Ask a Skytap Engineer: Lonnie Hutchinson

For this edition of the ‘Ask a Skytap Engineer’ series, I spoke with Lonnie Hutchinson, Senior Architect with Skytap. Lonnie focuses on provisioning and orchestration. Prior to joining Skytap, he worked on a purpose-built database for storing high volumes of time-based performance metrics for HP. In his spare time Lonnie dabbles in amateur astronomy, metalworking, and urban farming.​

1) What sort of development problem was Skytap Cloud created to solve?

Specifically, it wasn’t built to solve a development problem. It was created to be a platform to enable the complex, dynamic, cloud infrastructure needed not only during the development phase of the lifecycle, but testing, staging, and ultimately the production phases as well.

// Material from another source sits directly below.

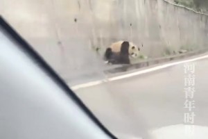男子在路上偶遇野生大熊猫,跑起来憨态可掬!
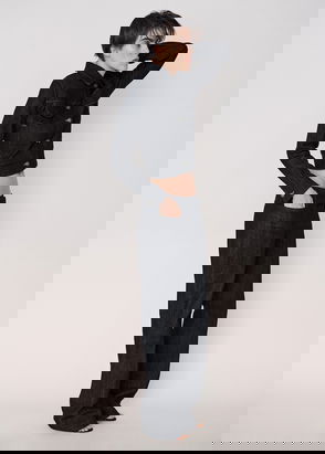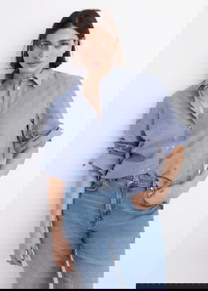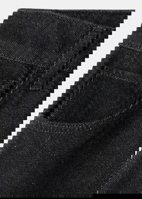 Denim-style cotton fabric. Long design. Flare design. High waist. Belt loops. Five pockets. Button and zip fastening. Interior length 87.5 cm. Comfort fabric with elasticity.

The dynamic nature of Skytap Cloud, relative to EC2, Azure, or Rackspace, enables developers to build the systems they need when they need them. When you realize you need to multi-home your service to solve a security issue, you can go for it—you don’t need to wait for IT to run a network drop, plug it in, or reconfigure networking.

2) As Skytap Cloud grew and we started reaching scalability limits of the initial architecture—what was the plan?

By mid-2010, Skytap had started to reach the scalability limits of the initial architecture for two of the four main components in the system. System reliability was suffering due to single points of failure—sometimes due to bugs, sometimes due to expected hardware failures. There were several conditions that threatened to prevent feature development, so it was time to rewrite.

Developers use the best tools available to them—and at Skytap, that includes our own product. One of the requirements of the rewrite was to remove single points of failure by introducing load balanced clusters of services behind VIPs with failover. Also, despite introducing more layers and more complexity into the system, we couldn’t let performance degrade. At the time, Skytap was a fairly small company that needed to continue delivering features, so we couldn’t devote the entire team to the effort—it had to happen in parallel.

Skytap Cloud was invaluable during the rewrite in two ways. First, being able to run identical machines in isolation from each other made development more efficient, particularly when done in parallel. Second, the highly dynamic nature of Skytap configurations, particularly around networking, reduced development delays as the system rapidly evolved.

During the rewrite, I got to the point where I would have several change sets backed up waiting for a build. Then, they would all be built together. But determining which failures were caused by which change set became less obvious.

To help with this, I cloned my build server and ran two identical copies of it. This way I could start builds for specific change sets when I wanted to, rather than waiting for the resources to become available. Setup was trivial since Skytap can run identical isolated copies of the same virtual machine with the same network settings. All I had to do was give the clone a unique public IP so I could access the machine remotely.

Another substantial benefit of Skytap over traditional on-premise labs and other large cloud providers was the ability to quickly build the deployment environment needed to develop and test the system. As the various components were rewritten, or extended to support fault tolerance and failover, I needed to run my development stack with the new features. Due to the distributed nature of fault tolerance and load balancing, I needed to add the new load balancers and virtual IPs on the front of the cluster, and more than a single member in the cluster. In a traditional IT environment, I would have needed to work with IT to procure and provision the new hosts and network infrastructure, and most critically, wait for that request to complete. Skytap Cloud put me in the driver’s seat and gave me the flexibility I needed as a developer to quickly evaluate different deployment strategies, load balancers, and fail over solutions.

3) Time for the trivia round: Lonnie, what is the best music to write code to?

Well, we have a stereo in the engineering wing of our office. Anyone can put what they want on, and anyone can turn it off at any time. I’m usually one of the first ones in, so we tend to listen to Phish (Run Like and Antelope are particularly good) as well as Grateful Dead and hippie bluegrass (String Cheese Incident and Yonder Mountain String Band).

[Editor’s note: I’m sure this question could be debated as having multiple possible correct answers. So, let the scientific discourse begin!]